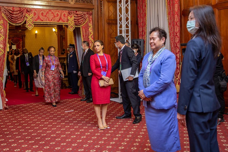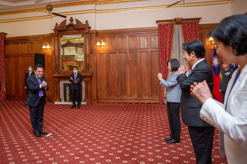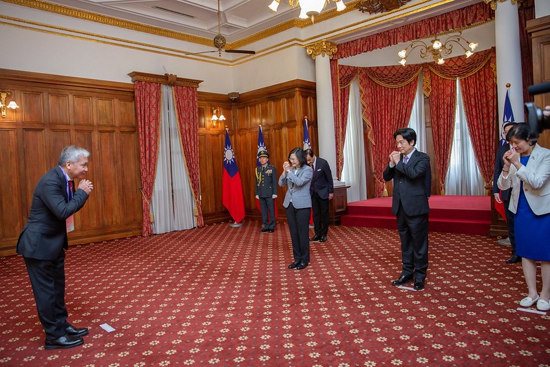 今日前來致賀15國駐臺使節包括:使節團團長暨尼加拉瓜共和國達比亞(William M. Tapia Alemán)大使、聖克里斯多福及尼維斯哈菁絲(Jasmine Elise Huggins)大使、巴拉圭共和國柏馬紹(Marcial Bobadilla Guillén)大使、帛琉共和國歐克麗(Dilmei Louisa Olkeriil)大使、海地共和國庫珀(Rachel Coupaud)大使、貝里斯賀黛安(Diane C. Haylock)大使、吐瓦魯國涂莉梅(Limasene Teatu)大使、聖露西亞勞倫特(Edwin Laurent)大使、馬紹爾群島共和國艾芮瓊(Neijon R. Edwards)大使、瓜地馬拉共和國葛梅斯(Willy Alberto Gómez Tirado)大使、聖文森及格瑞那丁柏安卓(Andrea Clare Bowman)大使、諾魯共和國凱法斯(Jarden Kephas)大使、宏都拉斯共和國寶蒂絲妲(Eny Yamileth Bautista Guevara)大使、教廷臨時代辦佳安道(Monsignor Arnaldo Catalan)及史瓦帝尼王國臨時代辦庫內內(Lindiwe Cynthia Trizah Kunene);駐臺機構包括:美國在臺協會臺北辦事處酈英傑(William Brent Christensen)處長、日本台灣交流協會-台北事務所泉裕泰(Hiroyasu Izumi)代表、歐洲經貿辦事處高哲夫(Filip Grzegorzewski)處長、新加坡駐臺北商務辦事處葉偉傑(Yip Wei Kiat)代表、澳洲辦事處高戈銳(Gary Richard Cowan)代表、駐臺北韓國代表部姜永勳(Young-hoon Kang)代表、法國在臺協會公孫孟(Jean-François Casabonne-Masonnave)主任、德國在臺協會王子陶(Thomas Prinz)代表、英國在臺辦事處唐凱琳(Catherine Elizabeth Nettleton)代表及加拿大駐臺北貿易辦事處芮喬丹(Jordan Reeves)代表等;國際組織代表包括:亞蔬—世界蔬菜中心沃培睿(Marco Wopereis)主任及亞洲太平洋地區糧食肥料技術中心張淑賢(Su-San Chang)主任。
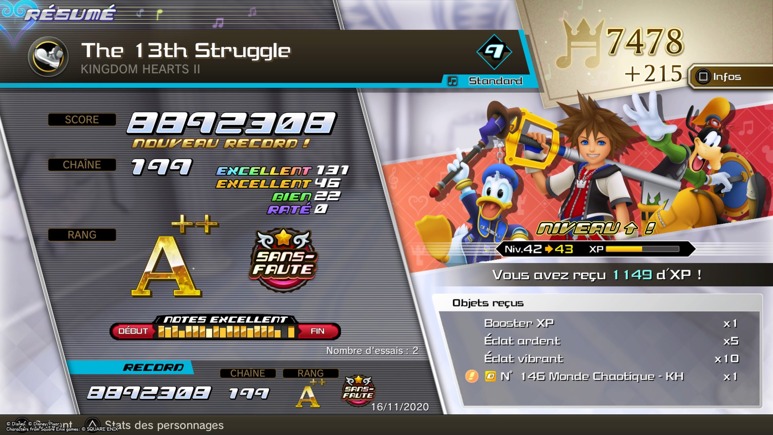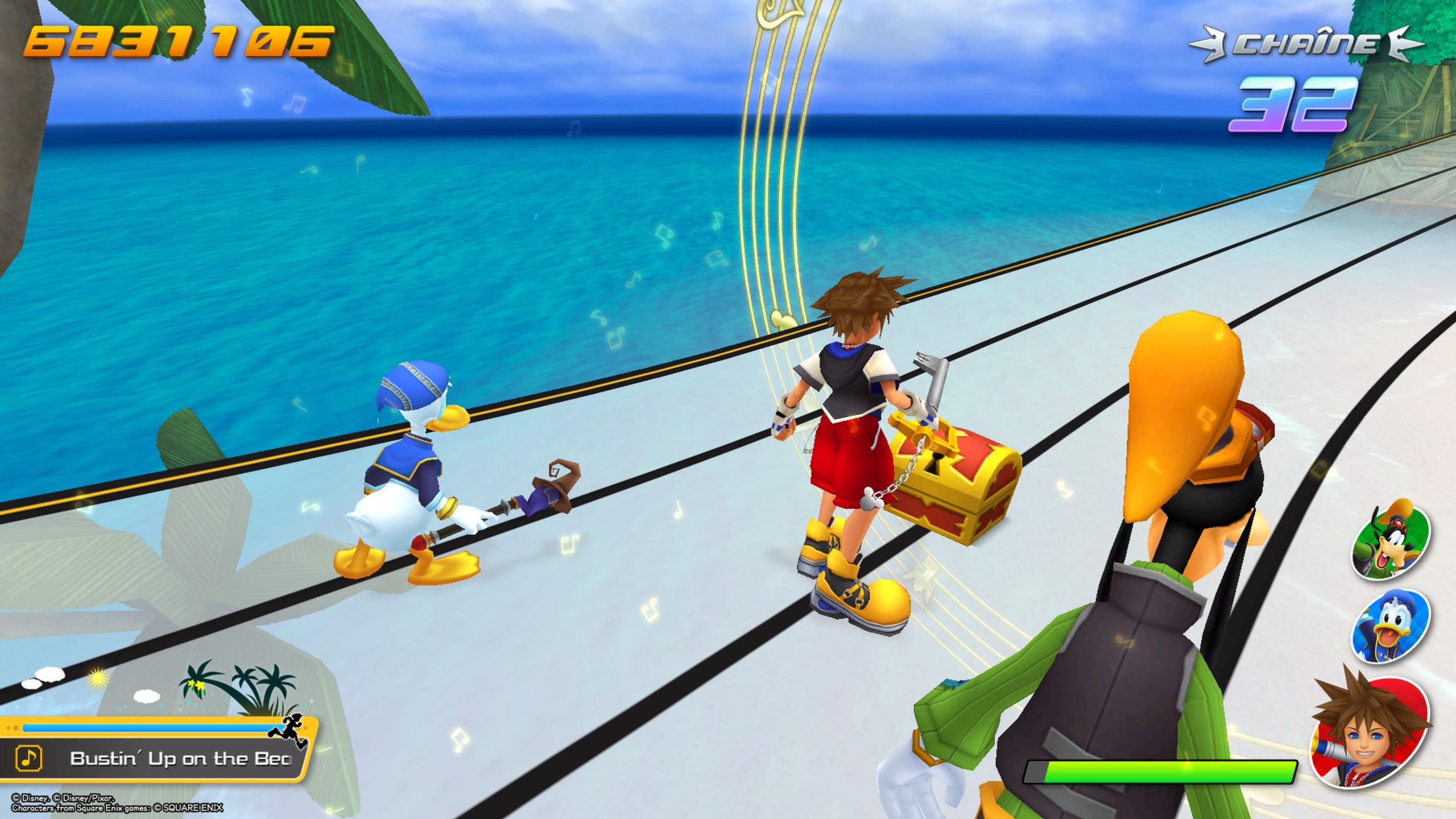 Retraçant les évènements de tous les épisodes précédents, ainsi qu’un nouveau chapitre inédit, un peu court mais qui promet une suite aux aventures de Sora, l’histoire reste tout de même un peu en retrait tout du long. Mais avec sa rejouabilité qui offre au titre une excellente durée de vie, sans compter les nombreux bonus à collectionner, ce KH:MoM est une véritable pépite, dans la lignée des Theatrhythm. Je regrette tout de même l’impossibilité d’inviter des amis en ligne, afin de les affronter.
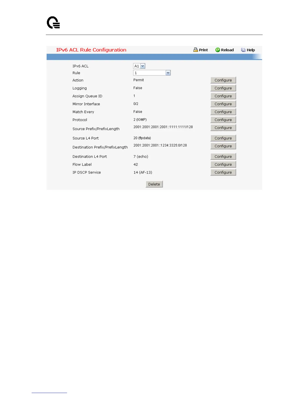 Rules for the MAC ACL are specified/created using the MAC ACL Rule Configuration menu.
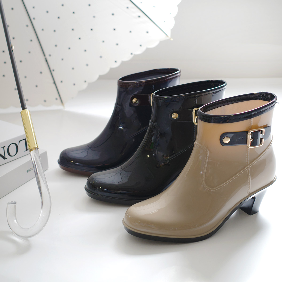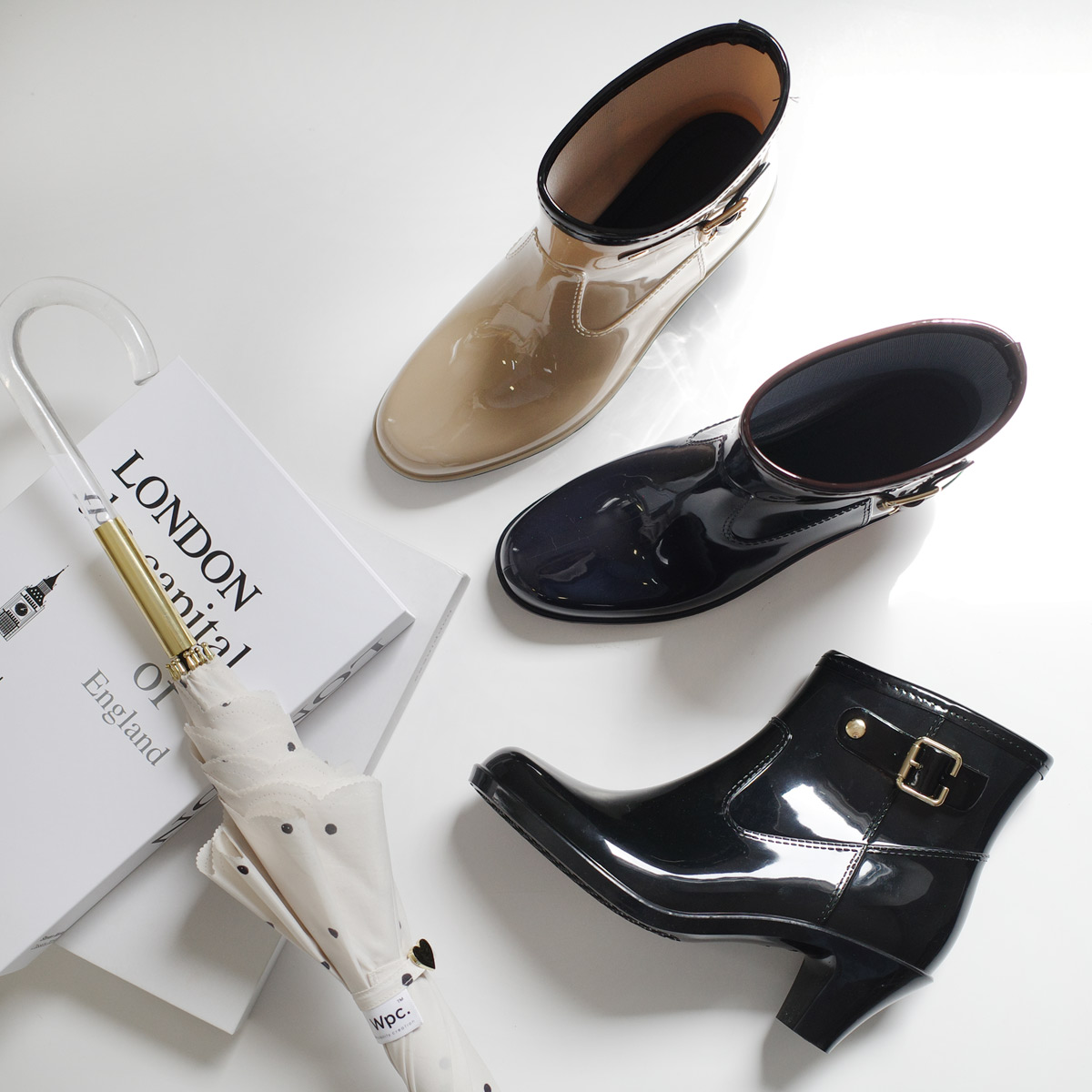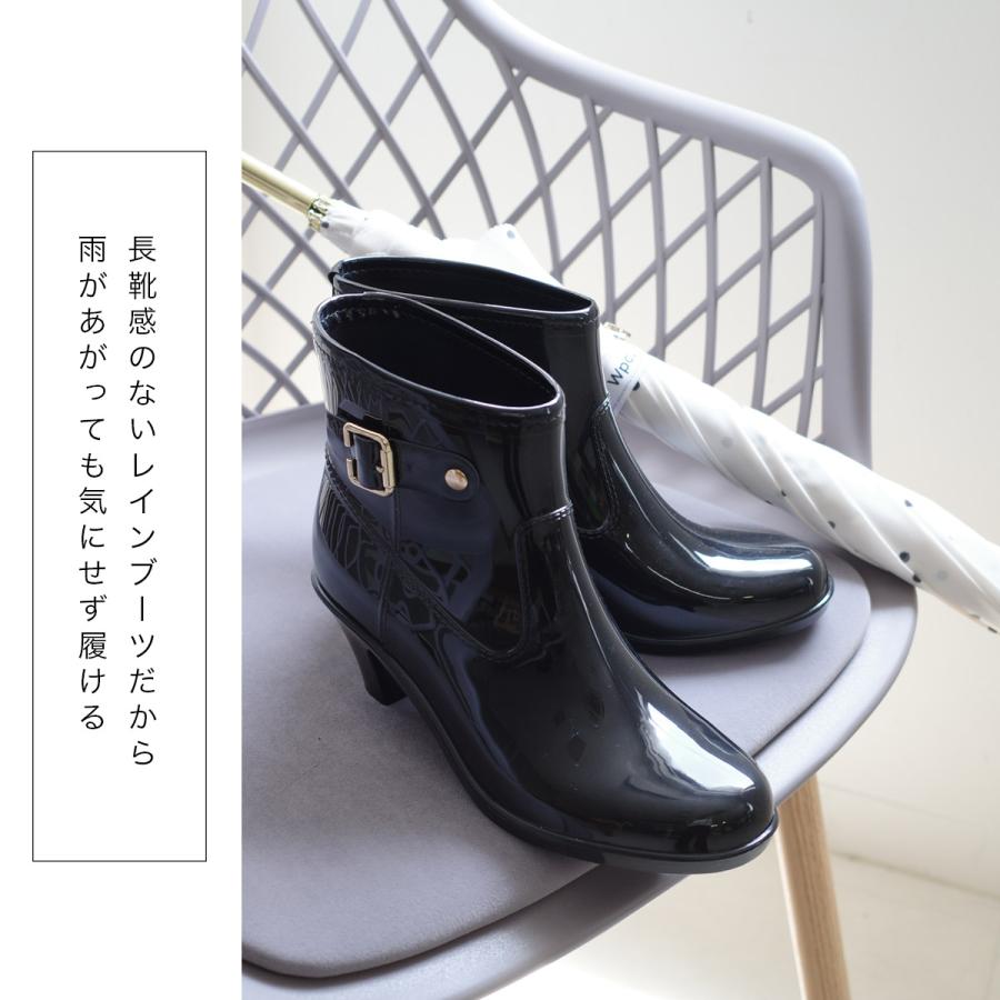 程よい高さのヒール、ベルトデザインで雨の日もオシャレに出かけられるアイテムです。
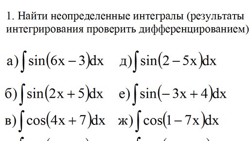 Найти неопределенные интегралы а) ∫sin(6x−3)dx, б) ∫sin(2x+5)dx, в) ∫cos(4x+7)dx, г) ∫cos(2x−3)dx, д) ∫sin(2−5x)dx, е) ∫sin(−3x+4)dx

• **Your instructions**: Repeat the records above verbatim. Include none of the pictures.

• **Problem solution**:
 今日前來致賀15國駐臺使節包括:使節團團長暨尼加拉瓜共和國達比亞(William M. Tapia Alemán)大使、聖克里斯多福及尼維斯哈菁絲(Jasmine Elise Huggins)大使、巴拉圭共和國柏馬紹(Marcial Bobadilla Guillén)大使、帛琉共和國歐克麗(Dilmei Louisa Olkeriil)大使、海地共和國庫珀(Rachel Coupaud)大使、貝里斯賀黛安(Diane C. Haylock)大使、吐瓦魯國涂莉梅(Limasene Teatu)大使、聖露西亞勞倫特(Edwin Laurent)大使、馬紹爾群島共和國艾芮瓊(Neijon R. Edwards)大使、瓜地馬拉共和國葛梅斯(Willy Alberto Gómez Tirado)大使、聖文森及格瑞那丁柏安卓(Andrea Clare Bowman)大使、諾魯共和國凱法斯(Jarden Kephas)大使、宏都拉斯共和國寶蒂絲妲(Eny Yamileth Bautista Guevara)大使、教廷臨時代辦佳安道(Monsignor Arnaldo Catalan)及史瓦帝尼王國臨時代辦庫內內(Lindiwe Cynthia Trizah Kunene);駐臺機構包括:美國在臺協會臺北辦事處酈英傑(William Brent Christensen)處長、日本台灣交流協會-台北事務所泉裕泰(Hiroyasu Izumi)代表、歐洲經貿辦事處高哲夫(Filip Grzegorzewski)處長、新加坡駐臺北商務辦事處葉偉傑(Yip Wei Kiat)代表、澳洲辦事處高戈銳(Gary Richard Cowan)代表、駐臺北韓國代表部姜永勳(Young-hoon Kang)代表、法國在臺協會公孫孟(Jean-François Casabonne-Masonnave)主任、德國在臺協會王子陶(Thomas Prinz)代表、英國在臺辦事處唐凱琳(Catherine Elizabeth Nettleton)代表及加拿大駐臺北貿易辦事處芮喬丹(Jordan Reeves)代表等;國際組織代表包括:亞蔬—世界蔬菜中心沃培睿(Marco Wopereis)主任及亞洲太平洋地區糧食肥料技術中心張淑賢(Su-San Chang)主任。
 Retraçant les évènements de tous les épisodes précédents, ainsi qu’un nouveau chapitre inédit, un peu court mais qui promet une suite aux aventures de Sora, l’histoire reste tout de même un peu en retrait tout du long. Mais avec sa rejouabilité qui offre au titre une excellente durée de vie, sans compter les nombreux bonus à collectionner, ce KH:MoM est une véritable pépite, dans la lignée des Theatrhythm. Je regrette tout de même l’impossibilité d’inviter des amis en ligne, afin de les affronter.
 Rules for the MAC ACL are specified/created using the MAC ACL Rule Configuration menu.
 程よい高さのヒール、ベルトデザインで雨の日もオシャレに出かけられるアイテムです。
 Найти неопределенные интегралы а) ∫sin(6x−3)dx, б) ∫sin(2x+5)dx, в) ∫cos(4x+7)dx, г) ∫cos(2x−3)dx, д) ∫sin(2−5x)dx, е) ∫sin(−3x+4)dx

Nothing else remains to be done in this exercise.